==== DATASET CONTENT

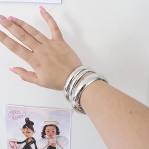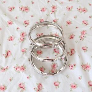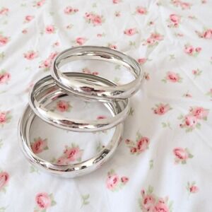 Super bold chunky set of three polished silver-tone bangle bracelets. Designed to be worn stacked together for a high-impact reflective Y2K glam look. Brand is Unbranded.
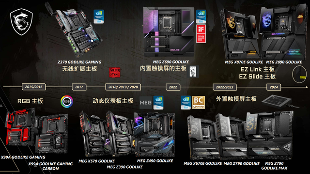 这个传奇的故事始于2015年,当时发布的X99A GODLIKE GAMING主板,不仅奠定了该系列的基石,更被广泛认为是引领了整个电竞硬件RGB灯效美学的先驱。在过去的十年里,每一代GODLIKE都承载着探索极限的使命,将不计成本的堆料与突破性的创新相结合,成为了硬件发烧友们心中顶级性能与前瞻科技的代名词。
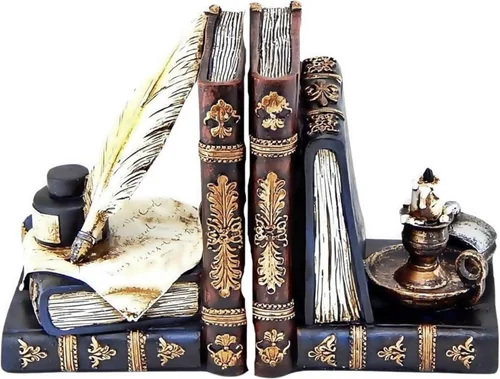 Bellaa 26324 Sujetalibros Vintage de Mago con Pluma de Ave y Botella de Tinta con Lámpara de Aceite Estilo Antiguo Granja Casa de Campo Cabaña Lodge
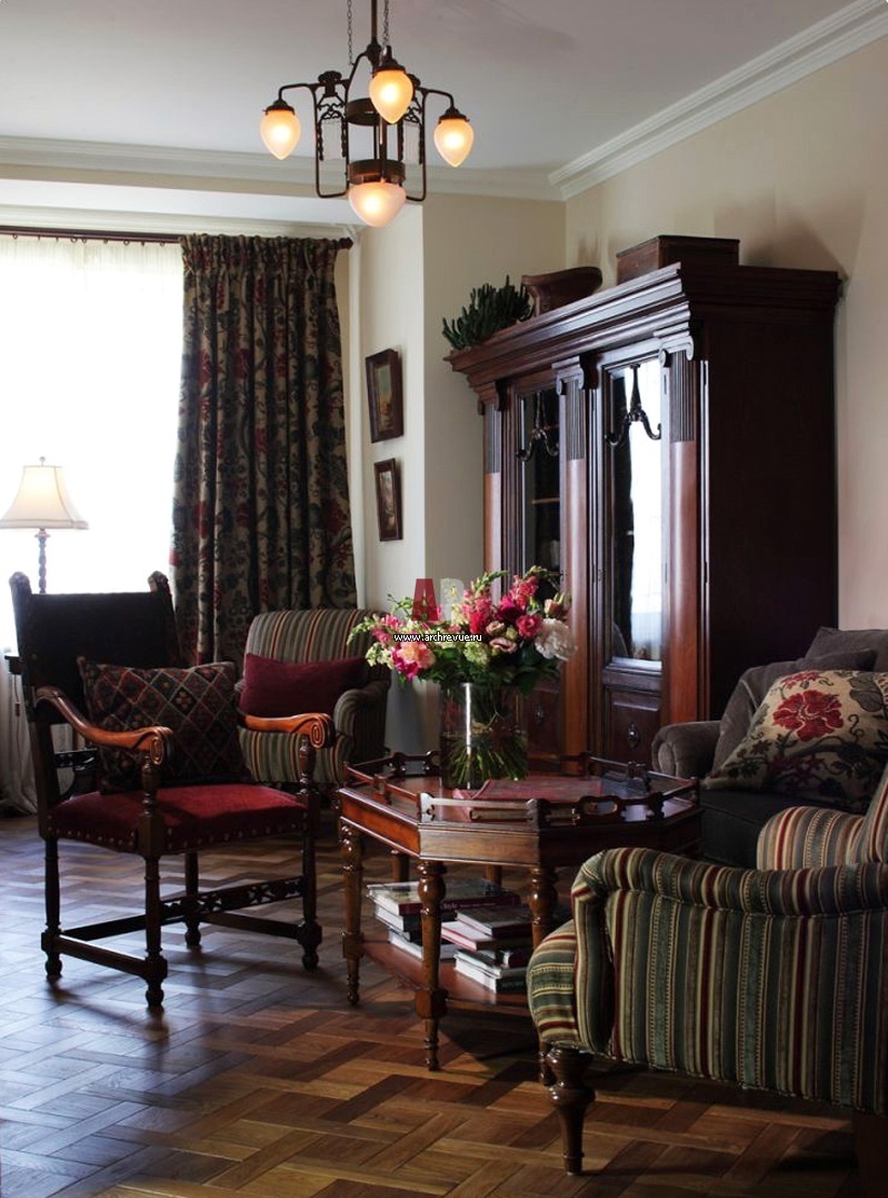 Интерьер гостиной в стиле модерн с брусничными акцентами.
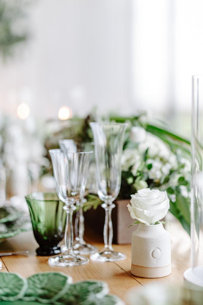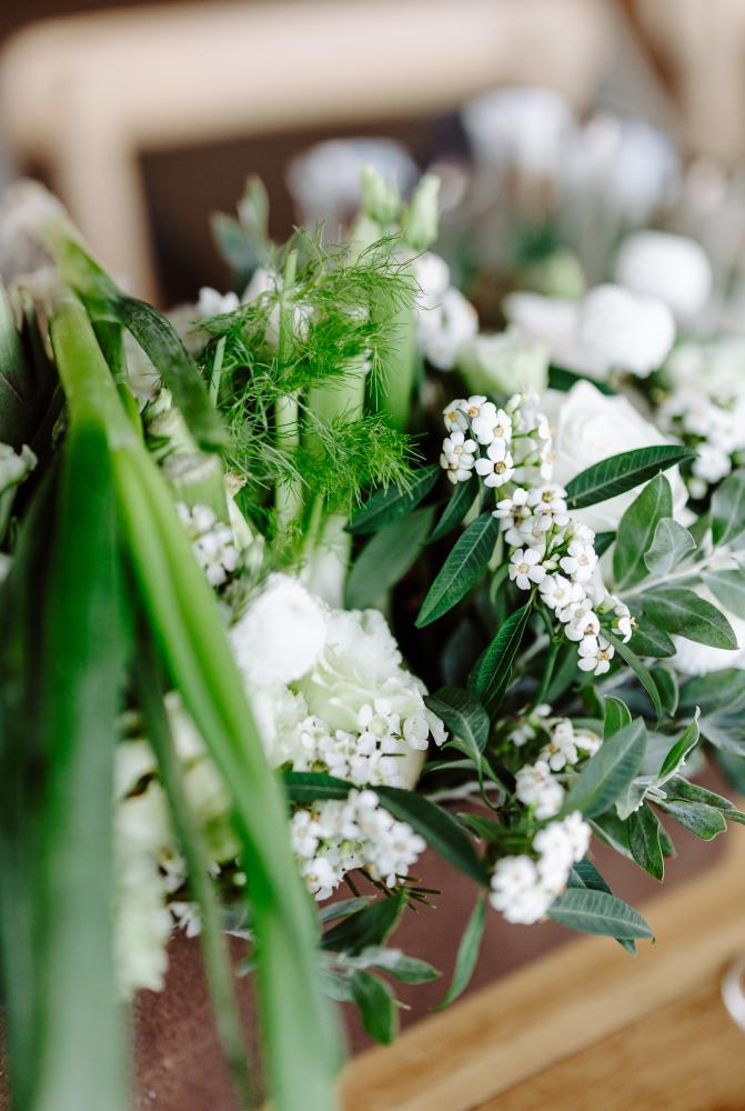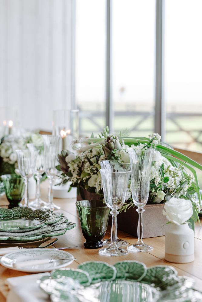 Our floral design for this shoot was centred around the freshness and vitality of spring. We envisioned a tablescape that felt effortlessly elegant, marrying crisp greens and soft whites to evoke the beauty of new growth and the season’s purity.
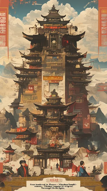 Midjourney Bot 更新时间:2025-12-28 00:15超现实主义概念海报,大召寺的建筑轮廓剪影内,以蒙太奇手法融合了从古代建寺到现代游览的历史场景叠影。画面中心,一个融合的图形将传统蒙古文字与干枯豪放的汉字毛笔笔触结合在一起,汉字部分清晰可辨,内容为“四百年一瞬,伊克召长青”。 画面底部正中,是系列总标题,以干净现代的衬线字体清晰地写着“召庙古今”四个字。 图像由一金一红双细线边框框住。色调从棕褐过渡到彩色。 --ar 9:16 --stylize 100 --niji 6
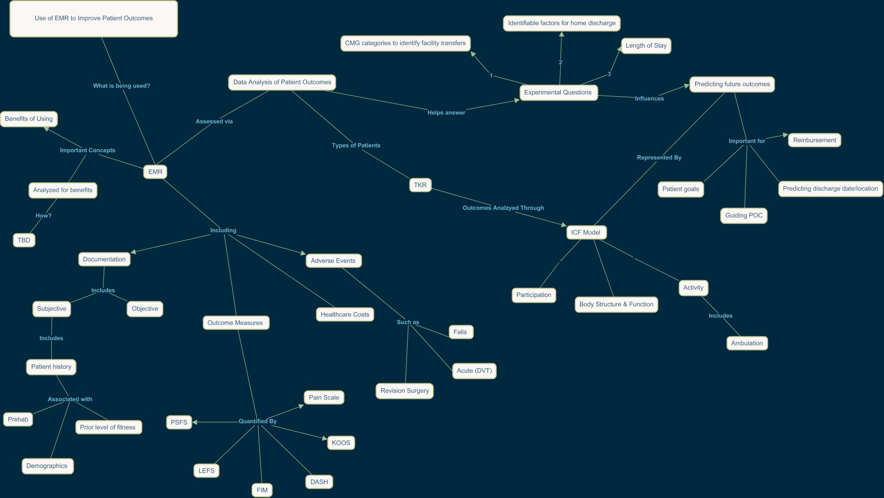 This Concept Map, created with IHMC CmapTools, has information related to: Burke EMR Data Analysis Project with Dr. Herbold.cmap, Predicting future outcomes Represented By ICF Model, Data Analysis of Patient Outcomes Assessed via EMR, Data Analysis of Patient Outcomes Helps answer Experimental Questions, Predicting future outcomes Important for Predicting discharge date/location, ICF Model Participation, Experimental Questions 2 Identifiable factors for home discharge, Experimental Questions 3 Length of Stay, Documentation Includes Subjective, Subjective Includes Patient history, Activity Includes Ambulation, Patient history Associated with Prior level of fitness, EMR Including Outcome Measures, Documentation Includes Objective, TKR Outcomes Analzyed Through ICF Model, Outcome Measures Quantified By LEFS, Outcome Measures Quantified By PSFS, Analyzed for benefits How? TBD, EMR Including Adverse Events, Patient history Associated with Demographics, Adverse Events Such as Revision Surgery
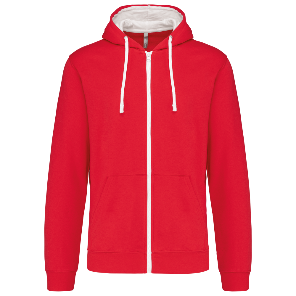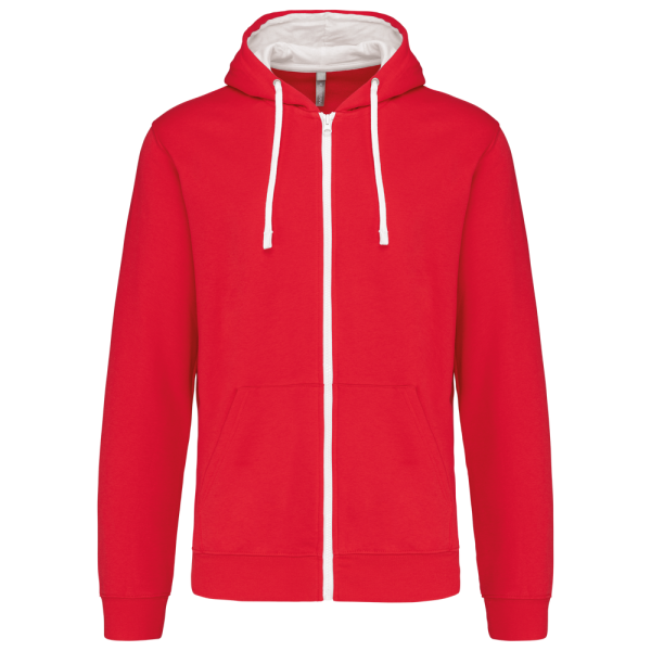 K466 - Herensweater met rits en capuchon in contrasterende kleur
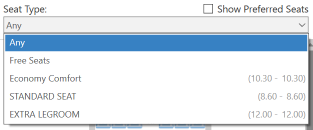 - Optionnel. Dans Type de siège, cliquez sur la flèche N’importe laquelle pour sélectionner parmi les options de siège payant disponibles. La disponibilité des sièges gratuits et payants dépend du transporteur, du vol et du statut de voyageur fréquent du passager.

========

ABOUT THIS TASK:
Would you transcribe the lines above exactly, going from the line bearing "Bellaa 26324 Sujetalibros" through the line bearing "Midjourney Bot 更新时间:2025-12-28", and drop the pictures from the copy?

ANSWER TO THIS PROBLEM:
 Bellaa 26324 Sujetalibros Vintage de Mago con Pluma de Ave y Botella de Tinta con Lámpara de Aceite Estilo Antiguo Granja Casa de Campo Cabaña Lodge
 Интерьер гостиной в стиле модерн с брусничными акцентами.
 Our floral design for this shoot was centred around the freshness and vitality of spring. We envisioned a tablescape that felt effortlessly elegant, marrying crisp greens and soft whites to evoke the beauty of new growth and the season’s purity.
 Midjourney Bot 更新时间:2025-12-28 00:15超现实主义概念海报,大召寺的建筑轮廓剪影内,以蒙太奇手法融合了从古代建寺到现代游览的历史场景叠影。画面中心,一个融合的图形将传统蒙古文字与干枯豪放的汉字毛笔笔触结合在一起,汉字部分清晰可辨,内容为“四百年一瞬,伊克召长青”。 画面底部正中,是系列总标题,以干净现代的衬线字体清晰地写着“召庙古今”四个字。 图像由一金一红双细线边框框住。色调从棕褐过渡到彩色。 --ar 9:16 --stylize 100 --niji 6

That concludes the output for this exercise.